(Stored entries)
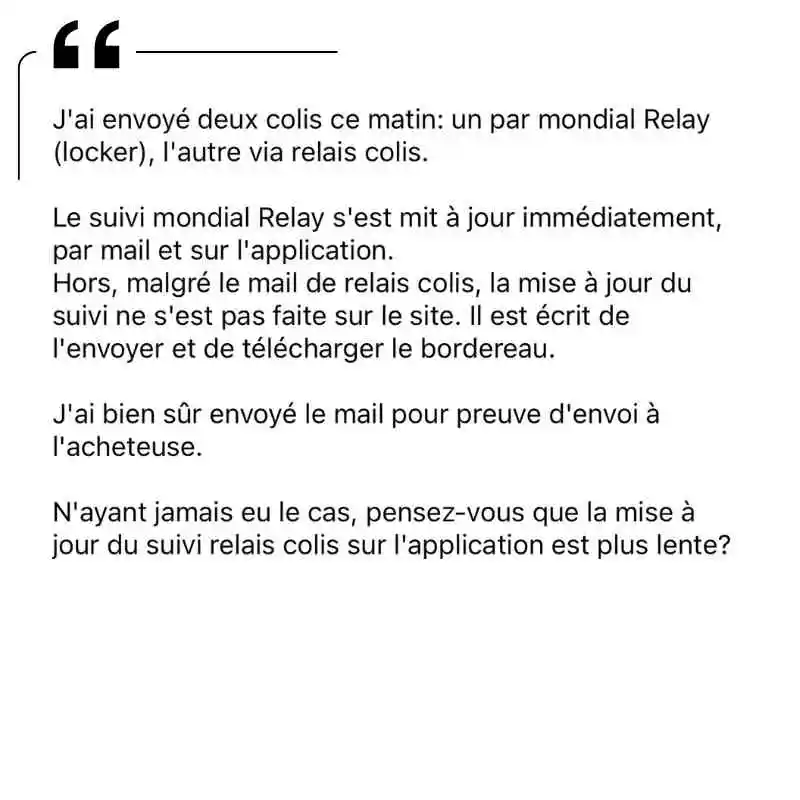 Pour le vendeur : le suivi (tracking) peut mettre jusqu’à plusieurs jours pour se lancer : quatre ou cinq jours. S’il y a un souci au moment du dépôt (mal scanné), le colis sera scanné plus loin dans la chaîne logistique et le suivi n’apparaîtra qu’à ce moment. Il y a souvent des soucis, surtout avec les lockers.
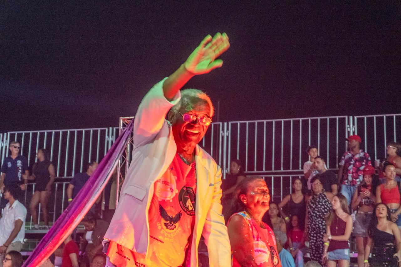 Sambará, à esquerda na imagem, nunca deixou de participar dos Carnavais e se consolida como uma das presenças mais marcantes da escola. Imagem - Manuela Santos/Secom
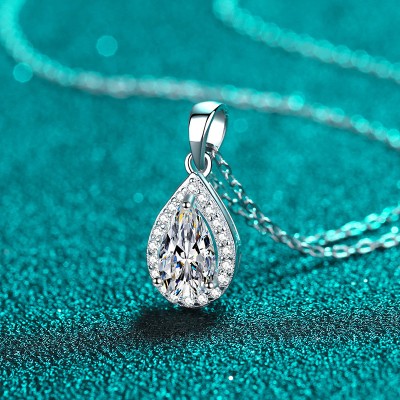 925纯银项链女5*8梨形莫桑石锁骨链镀pt950金群镶颈链厂家批发
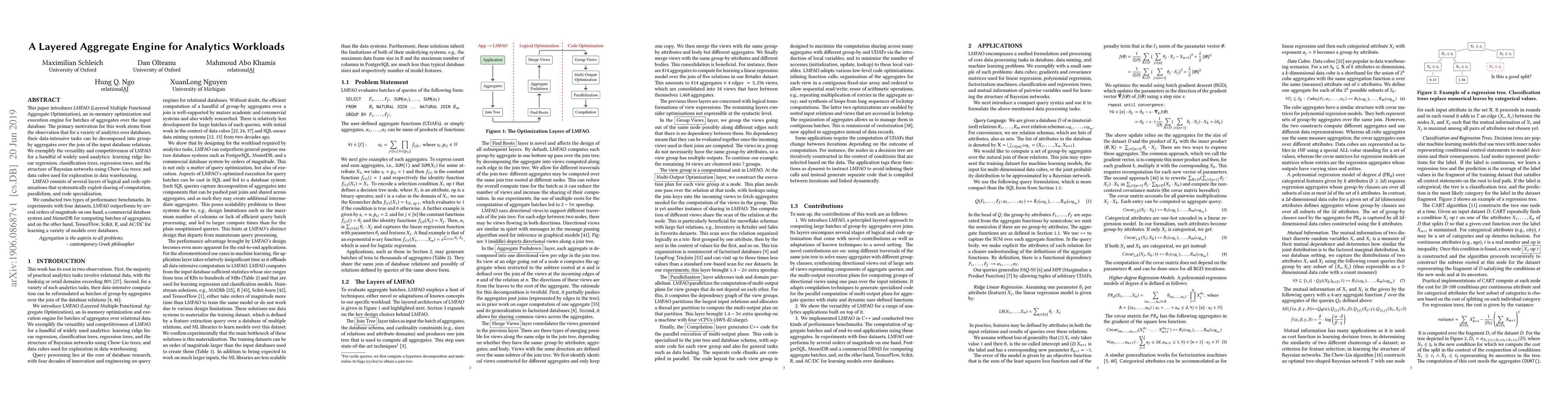 This paper presents LMFAO, an in-memory optimization engine for analytics workloads, which decomposes data-intensive tasks into group-by aggregates. LMFAO outperforms commercial database systems and machine learning frameworks in various benchmarks, demonstrating significant performance improvements.
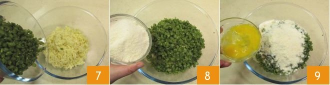 Add the cooked green beans here as well 7, add the grated cheese 8 and the eggs 9.
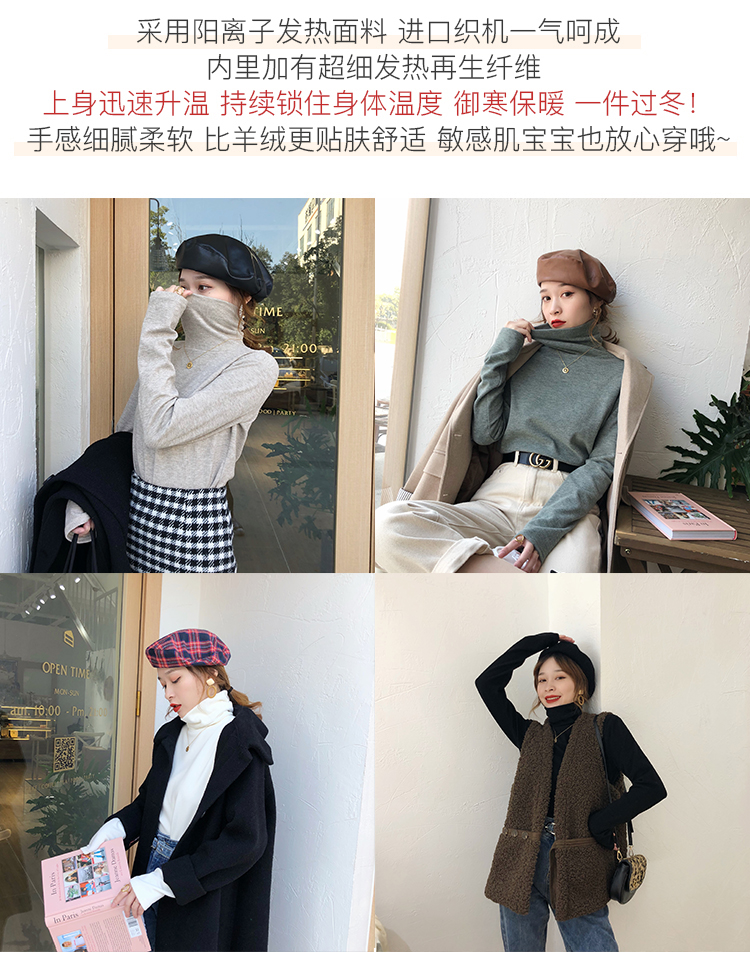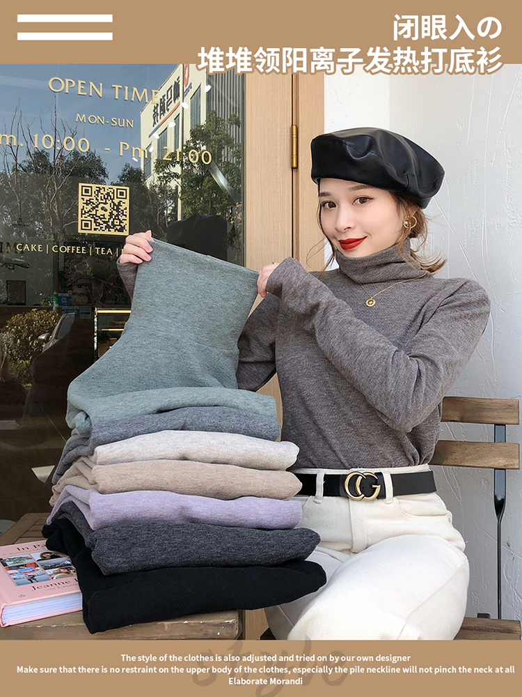【12.12上新 0點半價開搶】堆堆領陽離子發熱打底衫高領內搭上衣1入
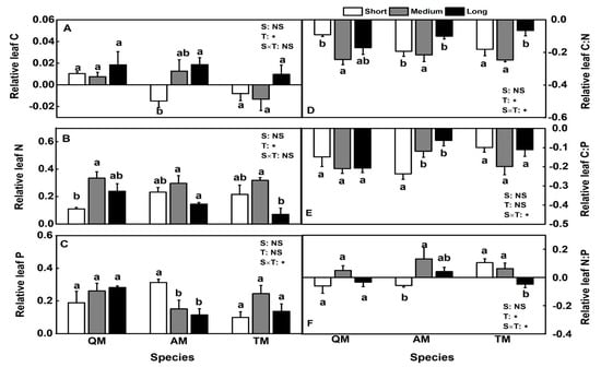 Relative values of leaf stoichiometric characteristics (A–F) in different regenerated broadleaved trees (QM, AM, and TM) with three terms after thinning in larch plantations (LPs). Values were shown as means ± S.E. (n = 3). QM = Quercus mongolica; TM = Tilia mandshurica; AM = Acer mono. Short term: 1–3 years after thinning; medium term: 4–9 years after thinning; long term: ≥10 years after thinning. S: Species; T: term after thinning. NS: not significant; *: p < 0.05. Different lowercase letters represent significant differences among three terms after thinning for the same species.
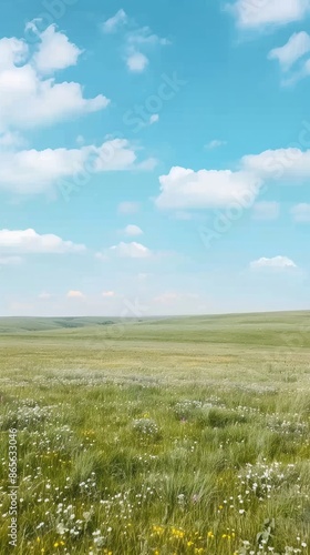 © lililia, Obraz premium A panoramic view of rolling green hills and meadows under a bright blue sky dotted with puffy white clouds
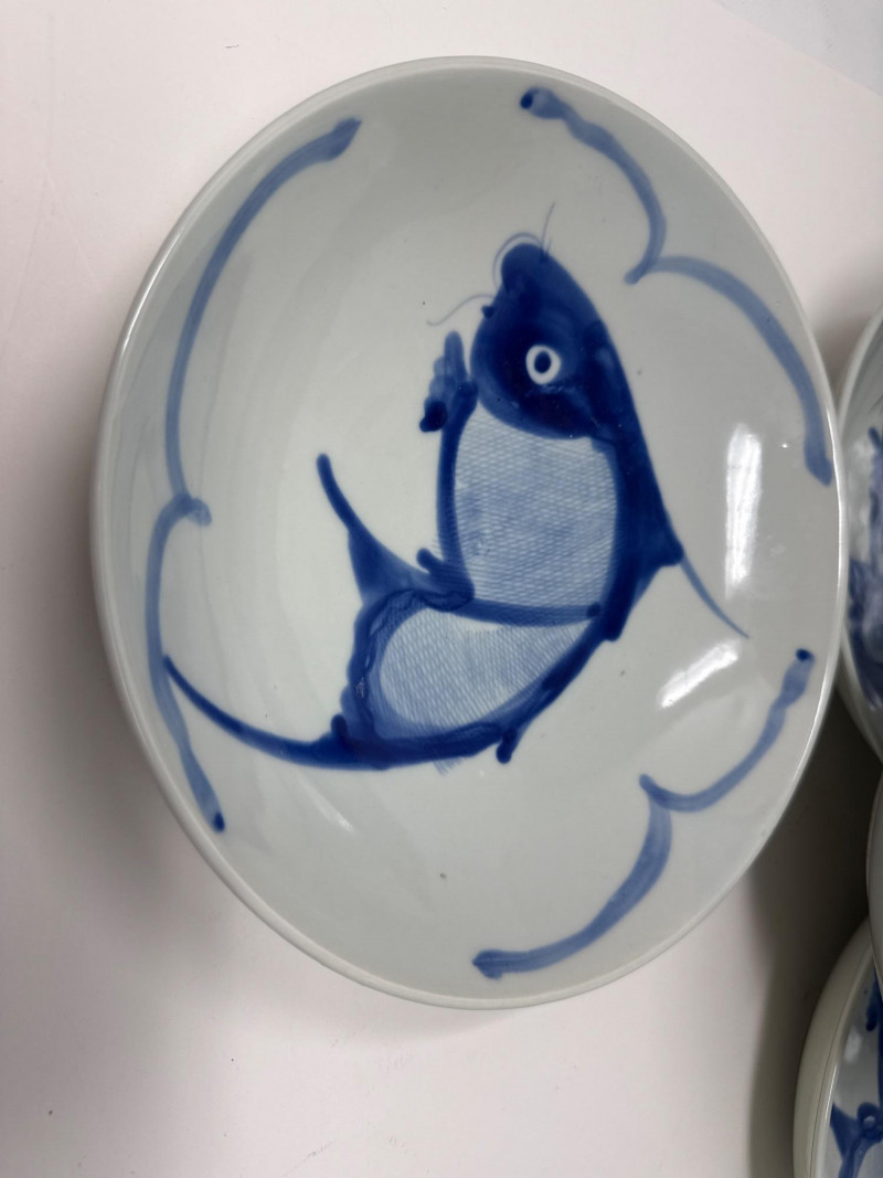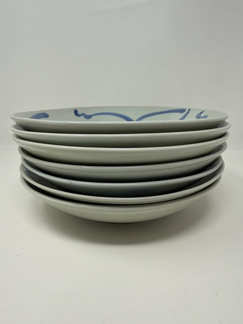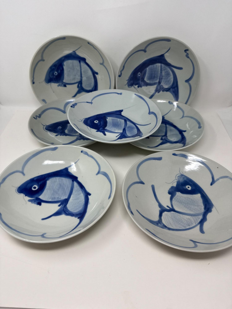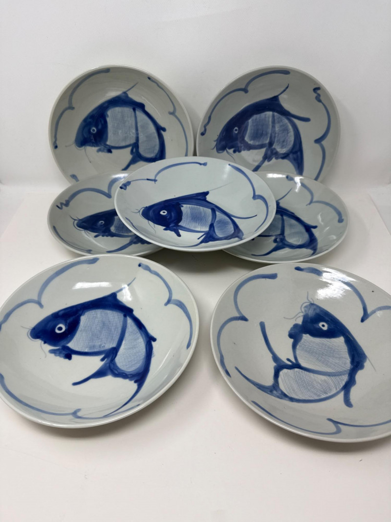 A graceful set of seven hand-painted porcelain bowls featuring stylized koi and carp designs in bold blue brushwork. Each bowl showcases a unique fish orientation framed by cloud-like borders, blending traditional Chinese artistry with fluid motion and symbolic meaning. 7 Matching Bowls Dimensions: 9" W × 2" H (each) Design: Blue koi and carp motifs with cloud border Finish: Gloss glaze with hand-painted detailing Origin: Chinese export porcelain Technique: Hand-painted underglaze blue Motif: Koi and carp – symbols of prosperity, perseverance, and good fortune Style: Traditional with expressive brushwork and organic flowSet Includes
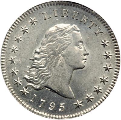 Between spring and late summer that year, 17 die marriages of 1795 flowing hair dollars were prepared and used to strike silver dollars. Employed were two bust punches, two separate wreath punches, and two different eagle punches. The mint struck a fairly large number of dollars in 1795: 160,295 to be exact, of which several thousand (according to the Bowers reference book on bust dollars) are believe to survive.
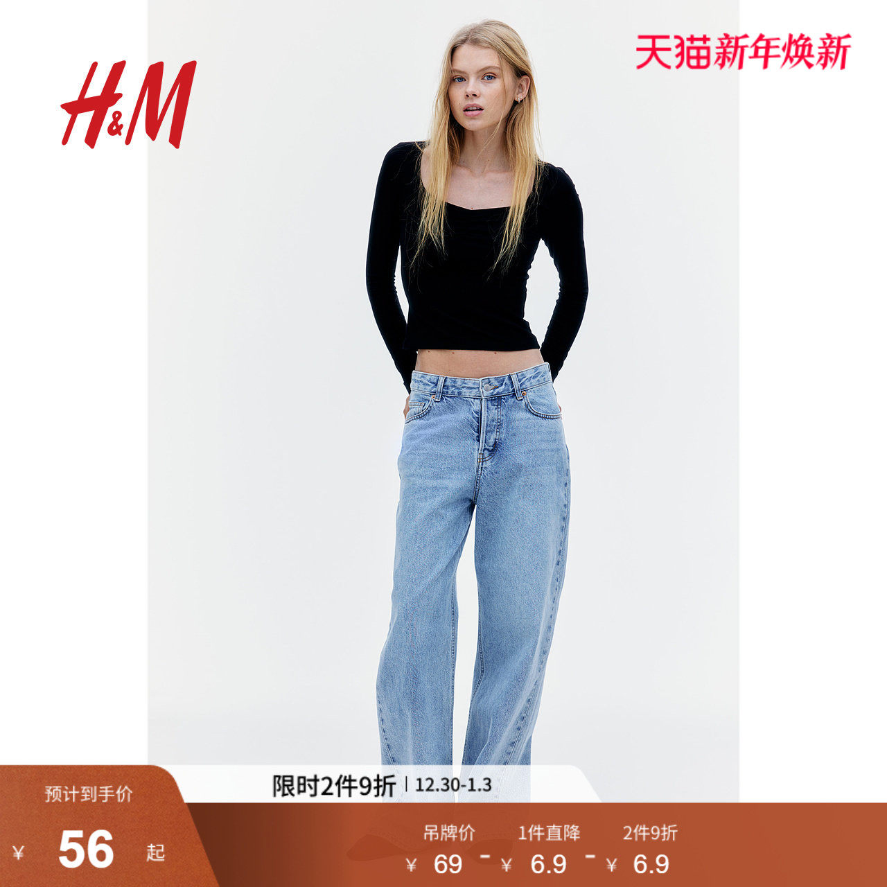 HM女装T恤冬季时尚休闲简约桃心领长袖修身上衣1265784
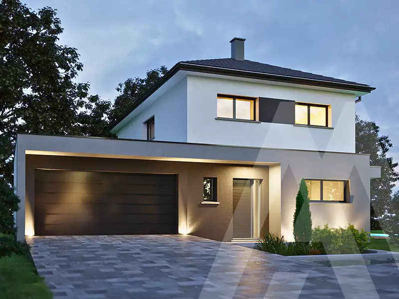 ***** Visuel d'illustration. Le modèle est totalement adaptable à vos envies et besoins et personnalisable grâce à de nombreuses options de finition. Nous consulter pour plus d’informations. Le prix affiché comprend le coût du terrain et de la construction hors frais de notaire et taxes. Les annonces de terrains constructibles sont sélectionnées auprès de nos partenaires fonciers selon disponibilités et autorisation de publicité en vue de construire une maison neuve avec un Contrat de Construction de Maison Individuelle dans le cadre de la loi du 19/12/1990. Ces derniers sont soit des professionnels dûment habilités à la transaction immobilière, soit des particuliers. Les terrains sélectionnés sont disponibles à la date de la première parution de l’annonce. En aucun cas Maisons ARLOGIS ou ses collaborateurs ne sont propriétaires des terrains, ne jouent un rôle d’intermédiation ou de négociation sur la transaction et ne participent à la vente. Prix indiqués par nos partenaires fonciers.
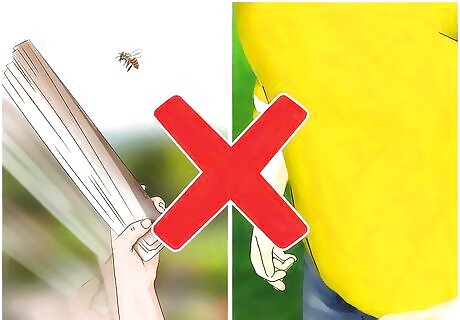Avoid provoking bees and wasps. Bees are usually docile and will attack only when provoked, while wasps are more naturally aggressive predators. In general, you should stay calm around bees and wasps. Walk away slowly from the area. Swatting at bees and wasps can cause them to sting. Preventing wasps and bumblebees from invading your outdoor space is the best way to prevent being stung. Wasps and bumblebees are attracted to sweet drinks, food, and garbage. Take your picnic food out only when you are ready to eat and put it away quickly when finished to avoid attracting these insects. Examine the inside of all drinks and food before eating or drinking to prevent being stung in the mouth. Use a tight lid on the garbage to prevent the insects from gathering inside the garbage and swarming you when you open the lid. Never work in the yard wearing yellow or white colors or floral prints as these attract the insects. Try wearing the color red because bees and wasps cannot see the color red. Do not wear loose clothing in which bees and wasps can get trapped. Minimize any attractive scents, such as perfume, colognes, scented soaps, hair spray and other fragrances. Do not walk barefoot. Wasps and bees are commonly found on the ground. Do not leave outside lights on longer than necessary at night. The light attracts insects and the predators that eat them — like wasps. Do not squash a wasp. The body of the wasp will release a chemical alarm that signals other wasps in the area to attack. Similarly, when a bee stings it releases a chemical that attracts other bees to the area.
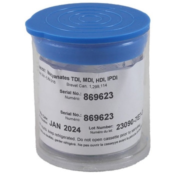 用途ISO-CHEKは、HDI、MDI、IPDI、HMDI、2,4-TDI、2,6-TDIを含むジイソシアネートについて、捕集時点でモノマーおよびオリゴマーを同時に捕集・分離できる唯一のフィルターベースサンプリングシステムであり、高感度な物理的および化学的特性評価に対応します。IRSSTにより開発されたISO-CHEKは、15分間の迅速なサンプリングが可能で、サンプルの安定性に優れ、他の方法と比較してサンプル前処理および分析時間を約40%短縮します。ASTM D5932-96およびD6561-00の規格に適合しています。仕様●検出下限:0.2 mg/m3(2・4-TDI・2・6-TDI)/0.6 mg/m3(1・6-HDI)/0.3 mg/m3(UV)・0.08 mg/m3(蛍光)(MDI)●分析方法:逆相HPLC(UVおよび蛍光検出)●保管条件:要冷蔵・保存期間制限あり●保存安定性:4 ℃で最大10日間保存可(無溶媒環境で保管・早期分析推奨)●捕集方式:デュアルフィルターカセット方式(5 μm PTFE膜でエアロゾル相捕集・MAMA含浸ガラス繊維で蒸気相捕集)●誘導体化試薬(蒸気相):9-(N-メチルアミノメチル)アントラセン(MAMA)●誘導体化溶液(エアロゾル相):1-(2-メトキシフェニル)ピペラジン(MOPIP、0.5 mg/5 mLトルエン)材質カセット:スチレン、PTFE/ガラス繊維(2層構成)表面処理9-(N-メチルアミノメチル)アントラセン(MAMA)コーティング構成カセット構成3ピース従来型流量(L/min)サンプリング:1サンプリング時間:15分定量下限0.15 ppb(2・4-TDI・2・6-TDI・1・6-HDI・IPDI・MDI・HMDIモノマー)/1.5 ppb(1・6-HDI・MDIオリゴマー)直径(mm)37
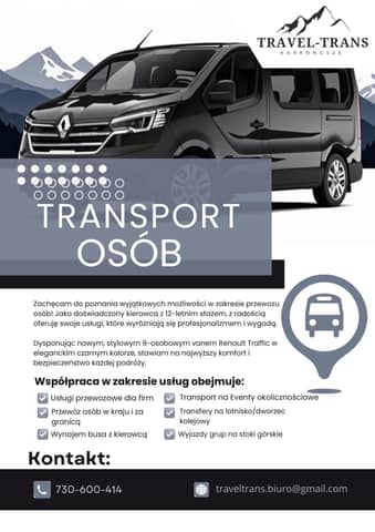 Planujecie Ostatki w większym gronie? Zapomnij o dylemacie „kto kieruje”. Oferuję bezpieczny i komfortowy transport nowym busem Renault Trafic (8 pasażerów + kierowca).

* **Problem details**: Within the entries above, give again exactly the lines starting at the one that contains "Between spring and" and ending at the one that contains "nos partenaires fonciers.", leaving out the pictures.

* **Solution to the exercise**:
 Between spring and late summer that year, 17 die marriages of 1795 flowing hair dollars were prepared and used to strike silver dollars. Employed were two bust punches, two separate wreath punches, and two different eagle punches. The mint struck a fairly large number of dollars in 1795: 160,295 to be exact, of which several thousand (according to the Bowers reference book on bust dollars) are believe to survive.
 HM女装T恤冬季时尚休闲简约桃心领长袖修身上衣1265784
 ***** Visuel d'illustration. Le modèle est totalement adaptable à vos envies et besoins et personnalisable grâce à de nombreuses options de finition. Nous consulter pour plus d’informations. Le prix affiché comprend le coût du terrain et de la construction hors frais de notaire et taxes. Les annonces de terrains constructibles sont sélectionnées auprès de nos partenaires fonciers selon disponibilités et autorisation de publicité en vue de construire une maison neuve avec un Contrat de Construction de Maison Individuelle dans le cadre de la loi du 19/12/1990. Ces derniers sont soit des professionnels dûment habilités à la transaction immobilière, soit des particuliers. Les terrains sélectionnés sont disponibles à la date de la première parution de l’annonce. En aucun cas Maisons ARLOGIS ou ses collaborateurs ne sont propriétaires des terrains, ne jouent un rôle d’intermédiation ou de négociation sur la transaction et ne participent à la vente. Prix indiqués par nos partenaires fonciers.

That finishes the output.